Starring: Shameik Moore, Tony Revolori, Kiersey Clemons, Zoë Kravitz
Distributor: Sony Pictures
Runtime: 103 mins. Reviewed in Aug 2015
This film from writer-director Rick Famuyiwa is laden with confidence. It oozes it, and embraces its story and characters and the environment they inhabit wholeheartedly. The result is occasionally racy, but it is loaded with humour, fun and important messages about the difficult lives facing so many young African-Americans today.
Our protagonists are threefold: Malcolm (Shameik Moore), Jib (Tony Revolori) and Diggy (Kiersey Clemons). The trio are self-proclaimed geeks, more clever than hailing from ‘The Bottoms’ in Inglewood, California would suggest, and obsessed with 90’s music and culture. They play in a punk band together, named Awreeoh (pronounced like the chocolate biscuit). As another character says, their costumes – terrifically designed by Patrik Milani – look as though they’ve just ‘stepped out of a DeLorean’.

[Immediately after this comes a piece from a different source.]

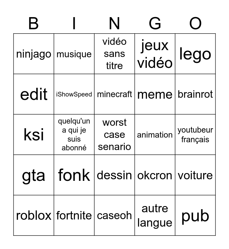 This bingo card has a free space and 24 words: fonk, fortnite, minecraft, roblox, lego, ninjago, edit, musique, animation, dessin, meme, ksi, okcron, voiture, iShowSpeed, autre langue, youtubeur français, vidéo sans titre, brainrot, quelqu'un a qui je suis abonné, pub, gta, jeux vidéo and caseoh.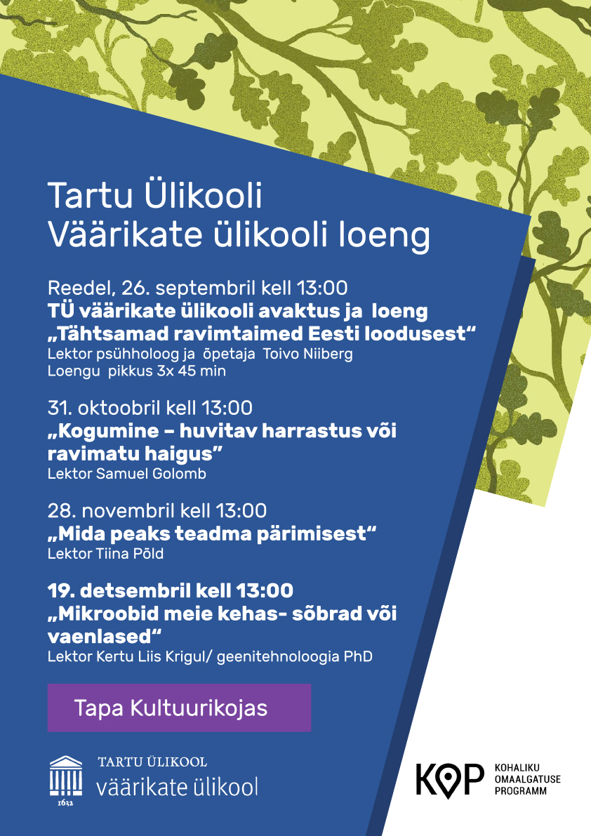 Loengud toimuvad Tapa Kultuurikeskuses algusega kell 13.00. Olete oodatud!

Malcolm is the de facto leader, a straight A’s student who has an interview for Harvard line up. Shameik Moore totally embodies the role, which should be a breakout for the young actor, who contributes a lot of the film’s swagger. Tony Revolori, who plays Jib, was last seen as a co-lead in Wes Anderson’s ‘The Grand Budapest Hotel’. His comic timing has not dulled a bit since then, and he displays a gift for physical comedy too. Diggy is the token girl in the friendship group, though as a lesbian, she pines to be noticed by a cute girl just as much as her two pals. Performer Kiersey Clemons displays a real sweetness, which hides a playful willingness to raunchily joke around with her male friends.
After the group get inadvertently invited to a drug dealer’s birthday party (played by rapper A$AP Rocky), they somehow end up with a backpack full of the state’s finest MDMA (a party drug) and a pistol. When a meeting to return the gear to its rightful owner turns out to be a set up, and after a second appointment goes wrong in a surprising twist, the friends have no choice but to the peddle the drugs and pass the cash back to the dealers.
Throw in some romantic subplots, and loads of commentary on the plight of black American youths, and it’s frankly dazzling that the film crams so much in to its 103 minutes (dare I say too much?). It explores the racist expectations placed on its protagonists by wider society, but it keeps its observations accessible with plenty of humour. Editor Lee Haugen was rightly awarded Best Editing at the Sundance Film Festival this year, and he keeps the plot buzzing along with some very tech-savvy compositions featuring YouTube videos and hashtags galore.
With terrific music (including originals from artist Pharrell Williams plus some classic 90’s rap and hip-hop) and a fresh voice to boot, ‘Dope’ is one of those films which may come to define a generation if they choose to embrace it. Regardless, it’s a good time at the cinema.